▸ **Exercise objective**
Reproduce the full listing below unchanged, apart from the pictures.

▸ **Collected material**
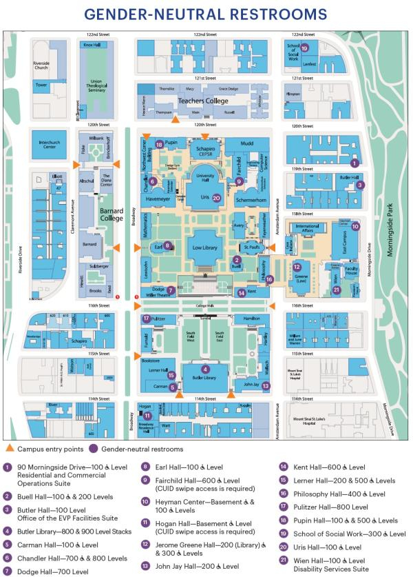 纽约哥伦比亚大学官网下载的“中性厕所地图”,标有该校园内21个社会性别中立的厕所的所在地。
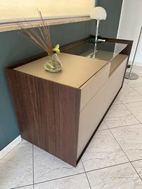 Vendo comó San giacomo modello Cabaret: colori legno rovere termotrattato e cassetti laccato opaco ombra. Misure: larghezza 152 cm, altezza 75,5 cm, profondità 57 cm. Vendo per cessata attività. Mai usato. In esposizione in show room. Possibilità di consegna gratuita entro 40 km, oltre da concordare. Prezzo leggermente trattabile se proposte di acquisto rapide.
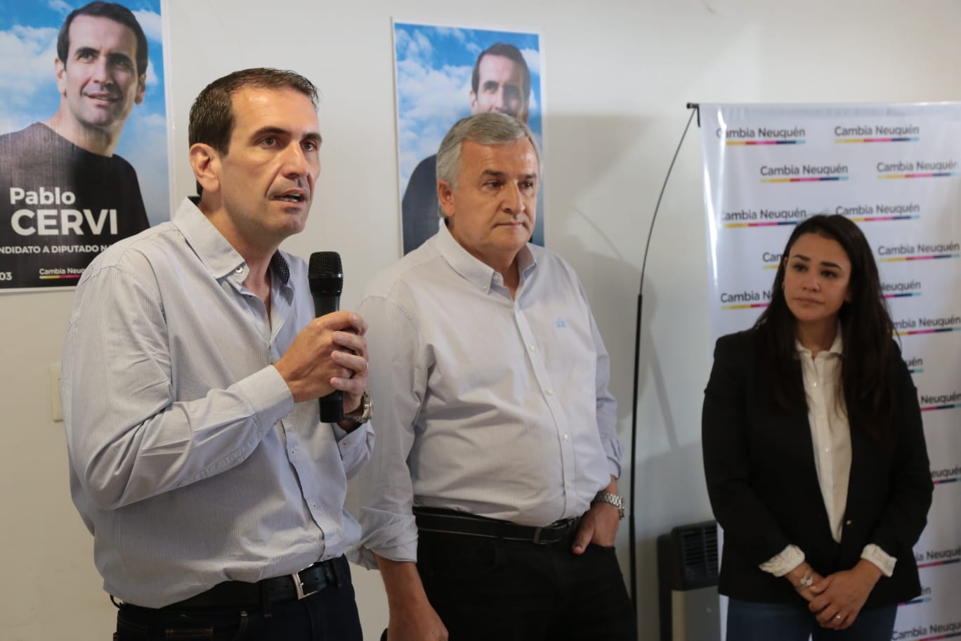 “Acá tenemos la lista y el candidato más votado individualmente en la elección”, manifestó Morales mientras señalaba a Cervi. “Le pido al pueblo de Neuquén que no desperdicie su voto”.

▸ **Answer to the exercise**
 纽约哥伦比亚大学官网下载的“中性厕所地图”,标有该校园内21个社会性别中立的厕所的所在地。
 Vendo comó San giacomo modello Cabaret: colori legno rovere termotrattato e cassetti laccato opaco ombra. Misure: larghezza 152 cm, altezza 75,5 cm, profondità 57 cm. Vendo per cessata attività. Mai usato. In esposizione in show room. Possibilità di consegna gratuita entro 40 km, oltre da concordare. Prezzo leggermente trattabile se proposte di acquisto rapide.
 “Acá tenemos la lista y el candidato más votado individualmente en la elección”, manifestó Morales mientras señalaba a Cervi. “Le pido al pueblo de Neuquén que no desperdicie su voto”.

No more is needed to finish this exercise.